2011年2月27日

早期バイリンガルであることの強みと苦労とは

: 早期バイリンガルであることの強みと苦労とは? 二つの言語間の関係は影響するのか?
What are the advantages and disadvantages of early bilingualism?
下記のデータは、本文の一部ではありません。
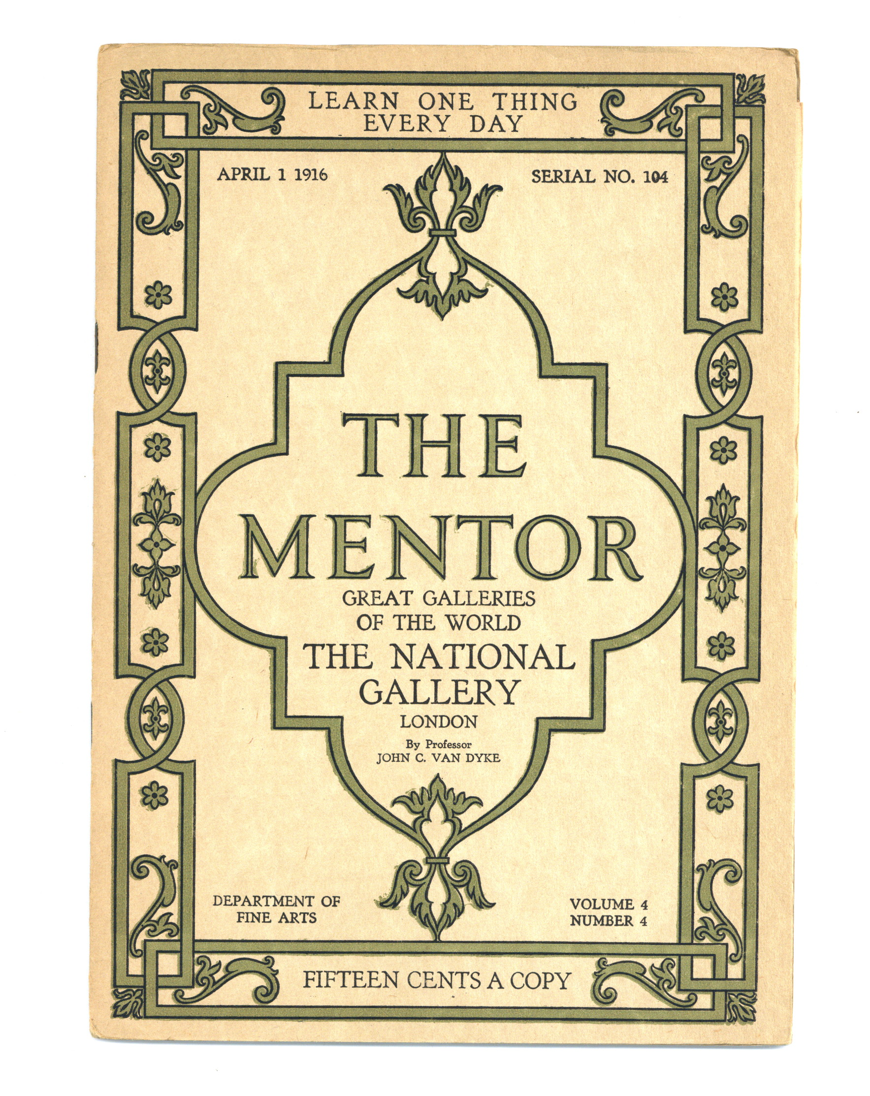 Published Apr 1916 by Mentor Association.$69.00Volume 4, Issue 4 (Whole Number 104) - April 1, 1916. Department of Fine Arts. In this issue: "Great Galleries of the World: The National Gallery, London" by Professor John C. Van Dyke. 7-in. x 10-in.; black and white; 12 pages on white paper plus card-stock covers. Cover price $0.15.

Does the relationship between the two language matter?
http://www.quora.com/What-are-the-advantages-and-disadvantages-of-early-bilingualism-Does-the-relationship-between-the-two-language-matter

Quoraに書いてあったので答えてみた.日本語でも書いてみる.

私にとっては,日本語と英語って言語的に一緒のところはほとんどない.だから9~10歳のころにバイリンガルになったってことは人格形成におそらく間違いなく影響していると思う.もう30年以上そんな人生を続けているから,まるで言葉ごとに2つの別の人格に分かれているような気がするし,あるいは二つの言語の社会ごとに自分の立ち振舞いを変えなきゃいけないように感じている.

未だに私は両方の言葉の違いが原因でたくさん文法間違いをおかしている.たとえば,英語の文法要素で,単数/複数,動詞の活用,時制,冠詞,そして前置詞というのは,日本語にはほぼ存在しない.だから文章を何度も校正するときは,すごく集中する必要がある.自分の間違いの直し方は知っているけど,正しく話したり書いたりしようとするのをよく忘れてしまう.
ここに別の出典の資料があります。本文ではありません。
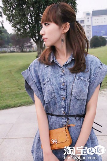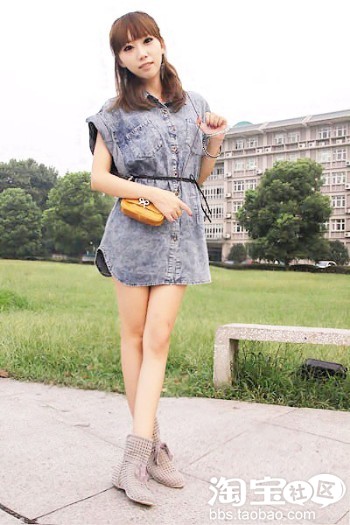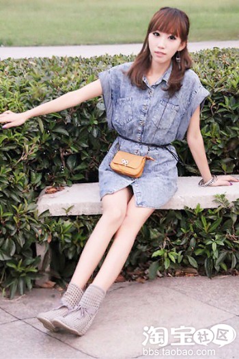 个性牛仔衣+网面休闲鞋+全牛皮蝴蝶结小包

その一方で,日本語では明示的に文の主語を著さない.日本語の動詞や形容詞はそれらが表す行動をしている人を通常は暗に含んでいるからだ.だから英語から日本語に文字通りに訳すのは文章を冗長にするし,余計なことばかり書いてあって,しばしば一般の人にはとても理解しがたいものにしてしまう.

個人的には文化的な違いも重要な役割を果たしていると思う.日本語を話すときは,失礼でないように,攻撃的でなく,決めつけないようにしなければいけないし,他人の意見に直接反論してはいけない.日本の人達,そしてアジアの韓国や中国の人達は,彼等の意見が直接会話で否定されることに対してはすぐに立腹する.なぜなら彼等の多くはその意見の否定を個人的な侮辱だと受け取るからだ.だからそのことを私は注意するようにしている.

もっともその一方で,日本人の礼儀正しさ,あるいは同意できないときにもそれを直接表現しないことは私には非常に不誠実な態度に見える.たとえそのことが一般的には私を感情的に傷つけることを避けて顔を立てるための行為だとわかってはいても.

これも最近気がついたことだけど,話す主題や話題によって,言語の選択は強く影響を受けると思う.コンピュータのことを私が語る時は,英語の方がずっと楽に感じることがしばしばある.単語の多くは英語で学んでいるし,最近台頭してきた技術については特にそうだ.その一方で,電子回路や,無線技術,物理,電気通信などの話をするときは,日本語で最初に勉強したことが理由で,日本語が最初に浮かんでくることが多い.バイリンガルあるいは多言語で技術的な話題について述べるための能力を維持するには,話したり書いたりするそれぞれの言語で大量の語彙を維持する必要がある.

そんなことを考えつつ,私は10歳の時に日本に帰ってきてから30年以上の間ひとりぼっちでここまで述べてきたような困難と戦ってきた.もし早くからバイリンガリズムの専門家に相談することができていたら,こんなに長い時間をかけてこの問題に向かいあわなければならなくなることもなかったと思う.(私の両親はバイリンガルではなく,もちろんこの問題について彼等に落ち度はない.)

この話題も,私にとっては言語の「並行処理」の問題であり,いまだに解決できない「混沌」とした自分の意識世界の話である.そういう意味では「並行と混沌」の話なのだ.